La Agencia Central de Inteligencia (CIA) está dando pasos decisivos para establecer una base operativa permanente en Venezuela, según informó CNN este martes. Este ambicioso plan ha sido diseñado en coordinación con el Departamento de Estado de EE.UU., con el objetivo de asegurar la influencia estadounidense en el proceso de transición política del país tras la captura de Nicolás Maduro a principios de enero. Dado el actual clima de inestabilidad en Venezuela, la administración del expresidente Donald Trump ha decidido priorizar las operaciones de inteligencia en lugar de recurrir a los enfoques diplomáticos tradicionales. Una fuente cercana a la planificación aseguró que, «El Estado impone su postura, pero la CIA ejerce realmente la influencia,» subrayando la importancia de la inteligencia en este complejo panorama político.
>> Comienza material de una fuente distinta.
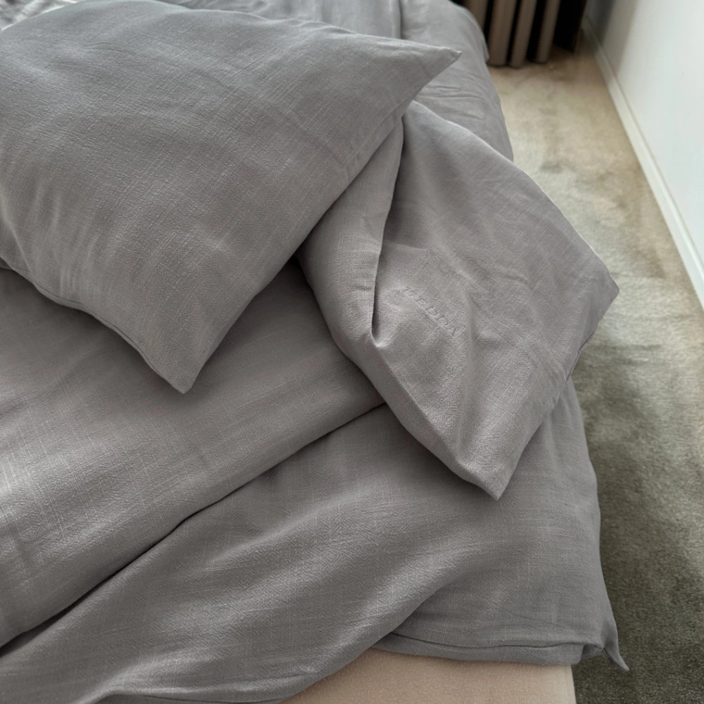 Decentní výšivka v barvě povlečení. Povlak na polštář i povlečení na peřinu mají skrytý zip.
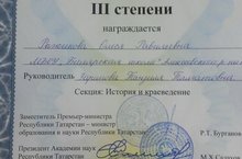 Сегодня в НПК "Шаги в науку " (Балтаси) наша ученица Рыжикова Олеся заняла 3 место. Руководитель: Зарипова Т.Т. Поздравляем!
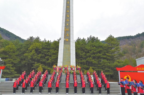 4月3日,宜川中学第九届“青春励志行”红色研学活动祭奠英烈仪式在瓦子街战役烈士陵园举行。12时,全体师生齐唱国歌,学生代表向烈士们敬献花篮。
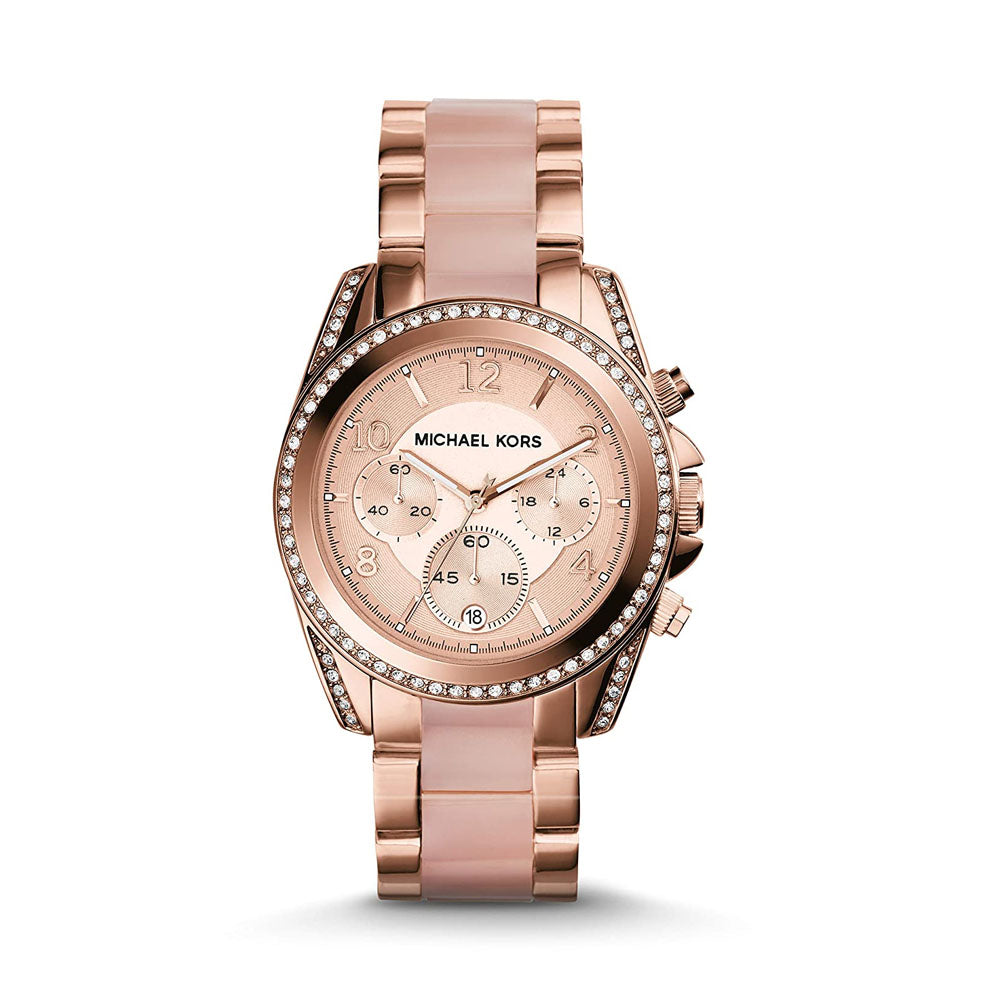 Michael Kors Women's Blair Stainless steel caseback, Stainless steel bracelet with acetate center links bracelet, Rose gold dial, Quartz movement, Scratch resistant mineral, Water resistant up to 10 ATM - 100 meters - 330 feet.
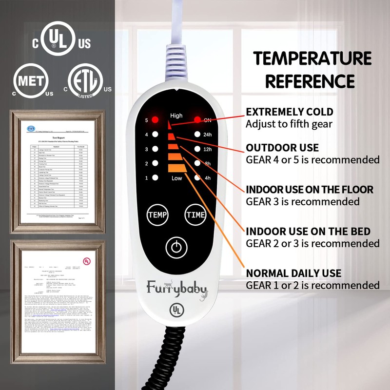 - SMART SWITCH - The pet heating pad has 5 timer levels(4h/8h/12h/24h/always on) and 5 levels of adjustable temp(from 68℉ to 122℉ (±30℉)) as your pets need, give your pets a warm winter!
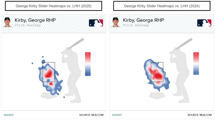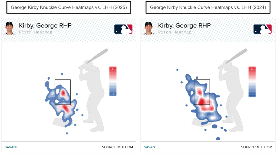 Besides Kirby's splitter movement profile changing, the curveball dropped 2-3 inches more in 2025. That's partly because Kirby has been throwing the curveball 1-2 mph harder in each of the past two seasons. Theoretically, Kirby throwing a harder curveball would lead to less vertical movement. As one would expect, Kirby's curveball locations haven't been as precise in 2025 against left-handed hitters after dealing with the injury.
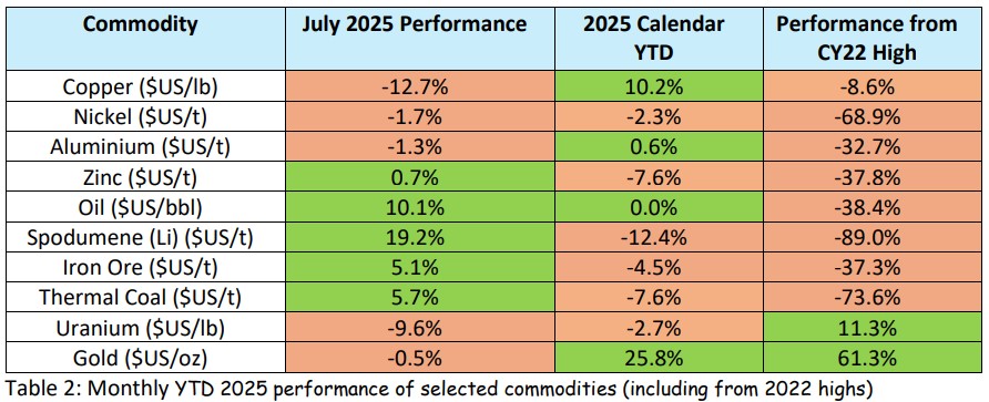 Across resources, July was a mixed month highlighted by a strong recovery in lithium prices, the result of the suspension of some Chinese production. In contrast, copper retreated sharply from recent highs, as it showed a savage retreat from recent highs as Donald Trump backed away from tariffs on copper entering the United States.

En el marco de esta estrategia, la apertura de un anexo de la CIA se encuentra como una de las principales prioridades antes de reabrir una embajada oficial en el país. Este nuevo centro no solo facilitaría contactos con diversas facciones del gobierno venezolano y sectores de la oposición, sino que también sería crucial para el desarrollo de diálogos en medio de la incertidumbre política que enfrenta Venezuela. Un exfuncionario estadounidense con experiencia en la región explicó a CNN que «establecer un anexo es la prioridad número uno. Antes que los canales diplomáticos, el anexo puede ayudar a establecer canales de enlace, que serán con la inteligencia venezolana y que permitirán conversaciones que los diplomáticos no pueden tener.»
Los objetivos a corto plazo de la CIA en este contexto son claros: fortalecer la seguridad en la región y establecer vínculos sólidos con la población local. Esto no solo es vital para la reactivación de las relaciones diplomáticas en el futuro, sino que también servirá para asegurar una mayor estabilidad en un país que ha estado sumido en crisis durante años. La construcción de confianza con la ciudadanía y con elementos clave dentro del sistema político venezolano se asume como un paso fundamental para el éxito de los planes estadounidenses a largo plazo.
La intervención de la CIA en Venezuela no es un fenómeno nuevo. De hecho, la agencia ya había llevado a cabo operaciones encubiertas en territorio venezolano desde agosto del año pasado, con el objetivo de monitorear los movimientos de Maduro. Estas operaciones fueron facilitadas por una fuente interna en el gobierno venezolano que ayudó a localizar al exmandatario para su captura el pasado 3 de enero. Tras este suceso, el director de la CIA, John Ratcliffe, visitó el país como parte de las primeras gestiones para reestablecer relaciones y dialogar sobre la cooperación bilateral, sosteniendo encuentros con la presidenta encargada Delcy Rodríguez y altos mandos militares.
En medio de esta inestabilidad política, algunos analistas han señalado que operaciones como las de la CIA podrían plantear complicaciones adicionales. Por un lado, se ha reportado un aumento significativo en la represión de la oposición y las detenciones de disidentes, lo que ha provocado críticas tanto a nivel nacional como internacional. A pesar de las controversias que rodean la intervención extranjera, muchos consideran que la situación en Venezuela requiere de medidas decisivas para asegurar un cambio efectivo. La estrategia de inteligencia estadounidense, específicamente a través de la CIA, sugiere que Estados Unidos está comprometido a jugar un rol protagónico en el futuro político del país sudamericano.